## [REQUIREMENT]
An exact copy of the lines of the listing below between the "Gratuit pour les" line and the "Vue du portail" line, both included, is the whole answer; please omit the pictures.

RECORDS FOR PROCESSING below:

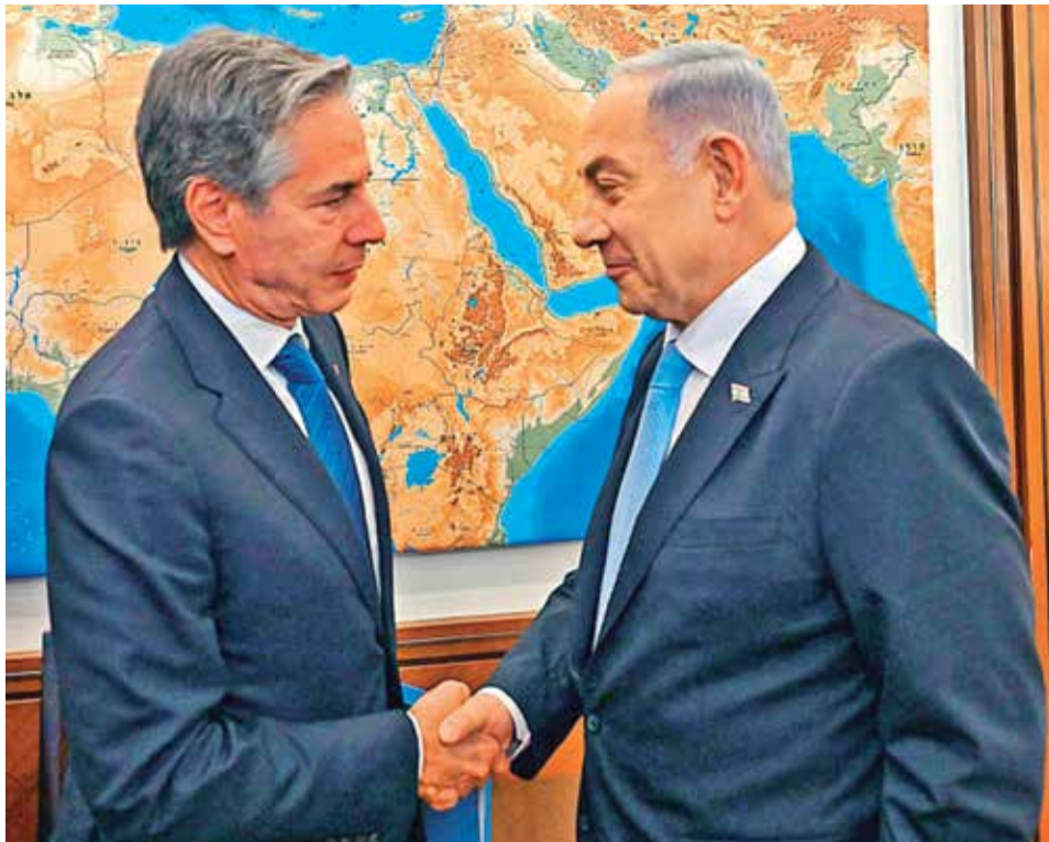
El primer ministro israelí, Benjamín Netanyahu (der.), y del secretario de Estado estadounidense, Antony Blinken.
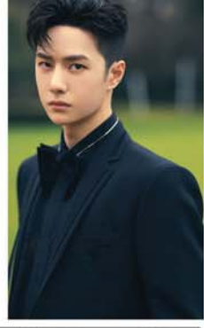
အဆိုပါ ပန်းချီကားတွင် အမှောင်ရူထုမှ တစ်ဦးတည်းထိုင်နေသည့် လူငယ်လေး၊ ဦးခေါင်းထက်မှအလင်းရောင်က အမှောင်ထုကို တွန်းလှန်ရန် ကြိုးစားနေပုံ ဖြစ်ပြီး ယခင်ကလို အမှောင်ကြောက်သည့်သူ မဟုတ်ဘဲ သန်မာလာကြောင်း ပြသထားခြင်းဖြစ်လာသည်ဟု မှတ်ချက်ပေးထားကြသည်။ Wang Yibo သည် အမှောင်

ကြောက်သကဲ့သို့ ပိုးကောင်များကိုလည်း ထိတွေ့ကိုင်တွယ်ရန် မကြောက်တော့သူဖြစ်ကာ မှတ်တမ်းရုပ်ရှင်နှင့် ပြောင်းလဲသွားပုံကို ယင်းပန်းချီကားချပ်ဖြင့် ပြောကြားထားခြင်းဖြစ်သည်ဟု ပရိသတ်များက မှတ်ချက်ပေးထားကြသည်။ (SKY)
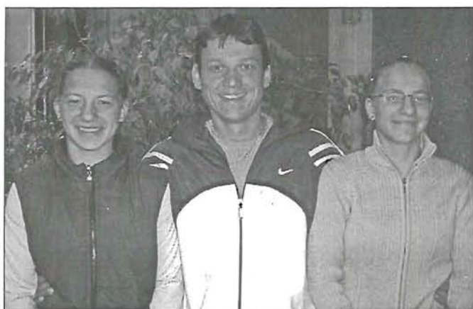
A Rózsashegyi Iskola sporteredményei az 5. oldalon
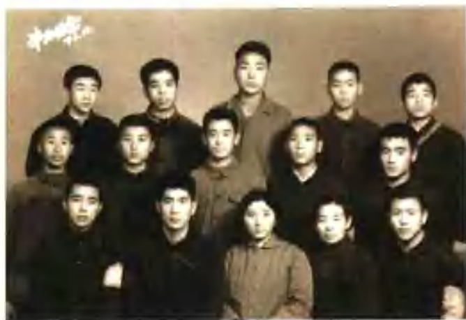
虽然年轻，可是已教了这么多学生
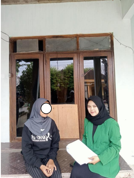
Wawancara dengan narasumber subjek 5
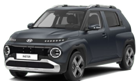
Dusk Blue Matte Matná metalická Cena: 15 900 Kč Nelze pro Cross, Cross Premium
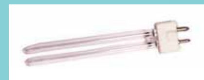
石英管小型オゾンランプ
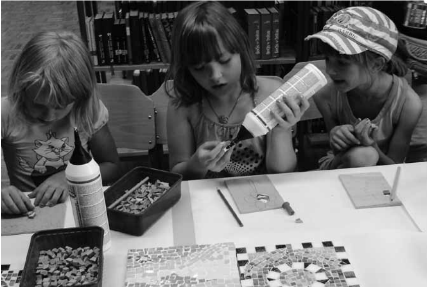
V Rovtah so otroci, bilo jih je 19, ustvarjali mozaike.

Oratorij dobro obiskan, delavnice JSKD v Logatcu pa precej slabše – Za poletno varstvo otrok ni bilo odziva
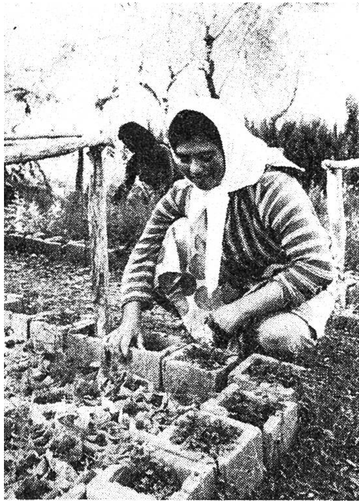
In Töpfen werden die jungen Zedern aufgezogen und später in die freie Natur gepflanzt.
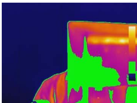
Pokročilá analýza: funkce isotherm
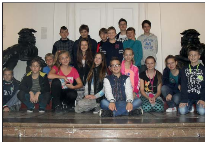
Vzácná chvíle odpočinku.
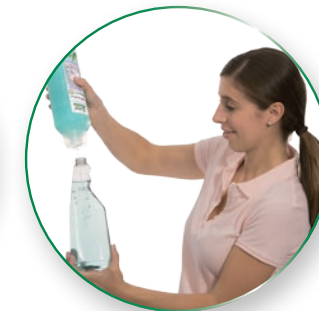
Intuitive Anwendung ohne zusätzliche Dosierhilfen
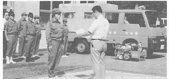
柚野公民館前で行われた交付式

地域消防の充実をはかるため、軽可搬ポンプが河内婦人消防クラブへ、可搬ポンプ付積載車を役場分団にそれぞれ交付され、その交付式が9月2日柚野公民館前で行われました。
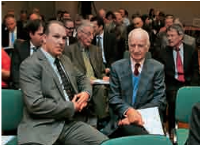
skupščine, ki se jih udeležijo tudi legendarni muzikantje (npr. Lojze Slak), so še posebej poskočne

krize se bodo še morali dogoditi, da bo vendarle prišlo do uveljavitve vsaj minimalnih standardov in kulture upravljanja družb, kakršna je samoumevna v urejenih ekonomijah.
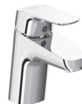
Umyvadlová baterie (5 l/min) výrobce: Ideal Standard typ/model: CeraFlex označení/kód: B1710AA
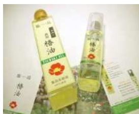
▲製品化された椿油
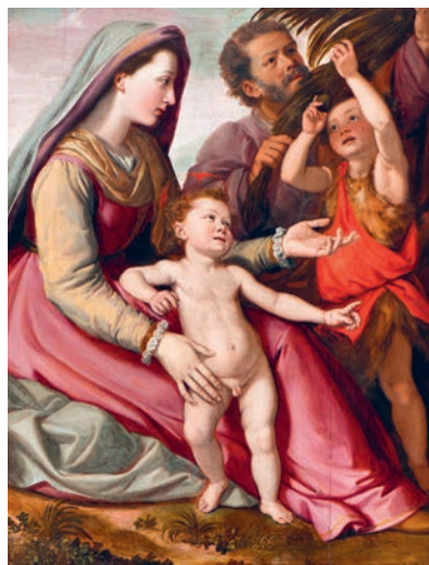
Santi di Tito, Den hellige familie og den lille Johannes Doberen , sidst i 1500 tallet

Gratuit pour les amis du musée ou une fois le billet d'entrée payé
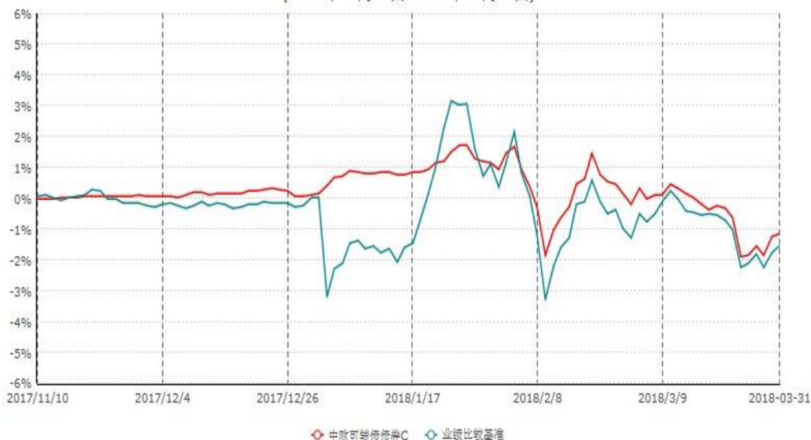
中欧可转债债券C累计净值增长率与业绩比较基准收益率历史走势对比图 (2017年11月10日-2018年03月31日)

注：本基金基金合同生效日期为 2017 年 11 月 10 日，自基金合同生效日起到本报告期末不满一年，按基金合同的规定，本基金自基金合同生效起六个月为建仓期，建仓期结束时各项资产配置比例应当符合基金合同约定。
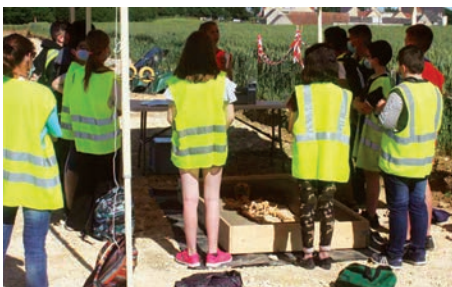
Les élèves de 5 e sur le chantier de fouilles

Cette action a débuté en mai 2021 par une fouille archéologique menée à Bretteville-sur-Laize. À cette occasion, les classes de 5 e du collège du Cingal situé à Bretteville-sur-Laize ont pu venir à la rencontre des archéologues pour découvrir leur métier et s'initier aux rites funéraires antiques, comme autant d'invitations à partir à la découverte de la civilisation latine et de ses croyances. Un cimetière mérovingien de 3 000 tombes a été découvert. Le projet s'est clôturé en juin 2022 par une exposition de créations artistiques des élèves.
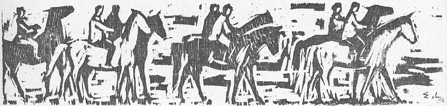
Holzschnitt | Bois: Ernst Leu (zur Ausstellung im Kursaal Heiden, bis 21. August).
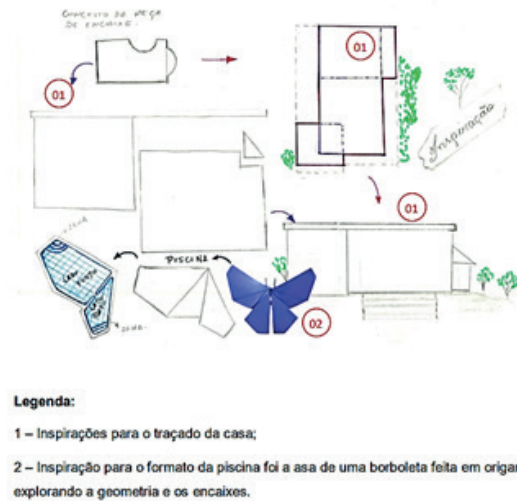
Figura 1 – Desenvolvimento do conceito do projeto
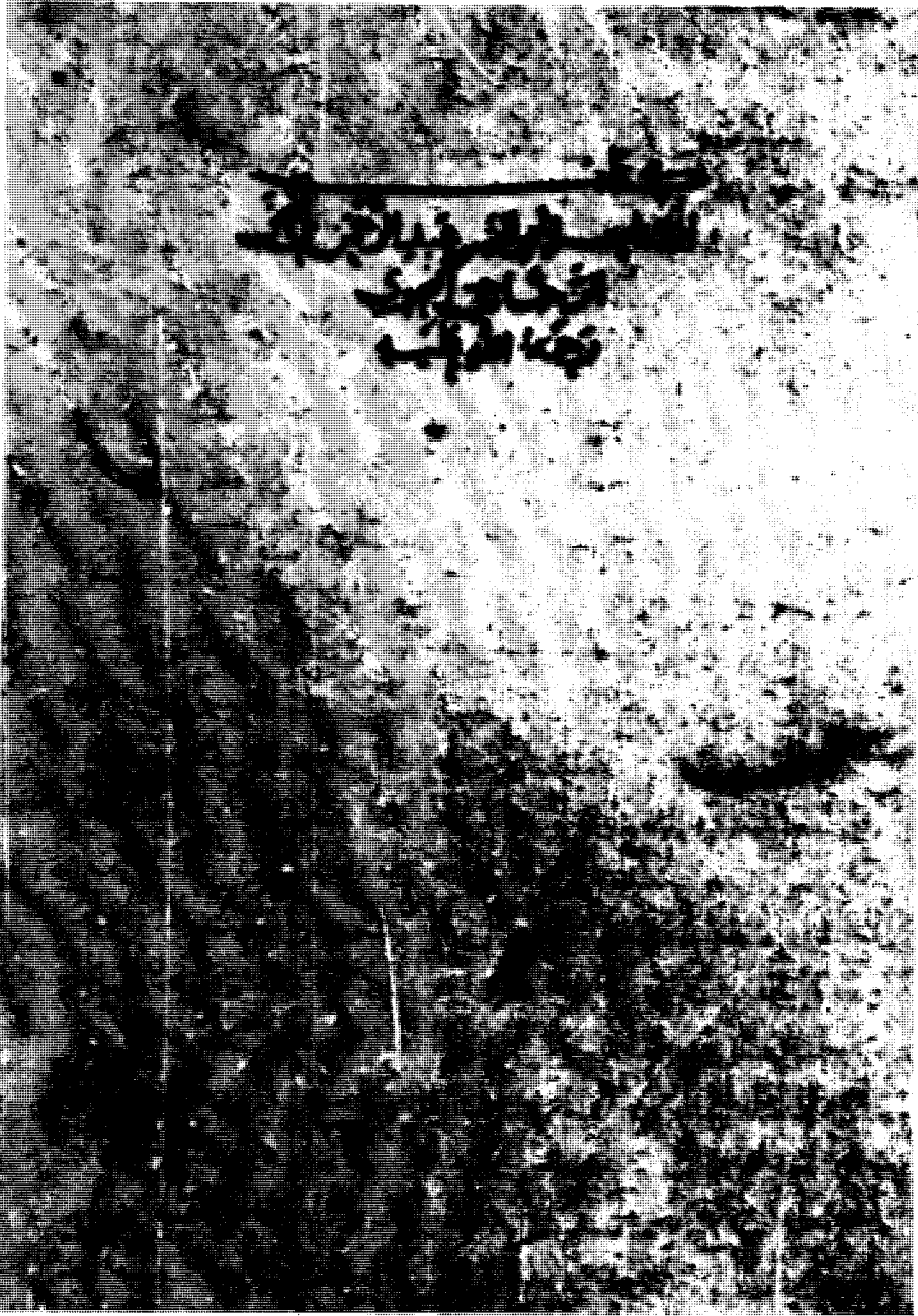
صورة الصفحة الأولى من كتاب اللامات وفيها عنوان الكتاب واسم المؤلف
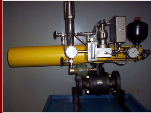
Sistemas de Seguridad de Superficie para protección de tuberías de Conducción e instalaciones de Separación ó Almacenaje
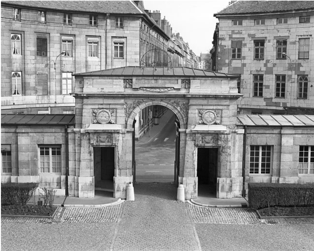
Vue du portail d'entrée depuis l'intérieur de la cour : vue rapprochée.

25, Besançon, 8bis, 10 rue Charles Nodier, lieudit : îlot Préfecture

End of RECORDS FOR PROCESSING.

## [THE ANSWER]
Gratuit pour les amis du musée ou une fois le billet d'entrée payé
中欧可转债债券C累计净值增长率与业绩比较基准收益率历史走势对比图 (2017年11月10日-2018年03月31日)

注：本基金基金合同生效日期为 2017 年 11 月 10 日，自基金合同生效日起到本报告期末不满一年，按基金合同的规定，本基金自基金合同生效起六个月为建仓期，建仓期结束时各项资产配置比例应当符合基金合同约定。
Les élèves de 5 e sur le chantier de fouilles

Cette action a débuté en mai 2021 par une fouille archéologique menée à Bretteville-sur-Laize. À cette occasion, les classes de 5 e du collège du Cingal situé à Bretteville-sur-Laize ont pu venir à la rencontre des archéologues pour découvrir leur métier et s'initier aux rites funéraires antiques, comme autant d'invitations à partir à la découverte de la civilisation latine et de ses croyances. Un cimetière mérovingien de 3 000 tombes a été découvert. Le projet s'est clôturé en juin 2022 par une exposition de créations artistiques des élèves.
Holzschnitt | Bois: Ernst Leu (zur Ausstellung im Kursaal Heiden, bis 21. August).
Figura 1 – Desenvolvimento do conceito do projeto
صورة الصفحة الأولى من كتاب اللامات وفيها عنوان الكتاب واسم المؤلف
Sistemas de Seguridad de Superficie para protección de tuberías de Conducción e instalaciones de Separación ó Almacenaje
Vue du portail d'entrée depuis l'intérieur de la cour : vue rapprochée.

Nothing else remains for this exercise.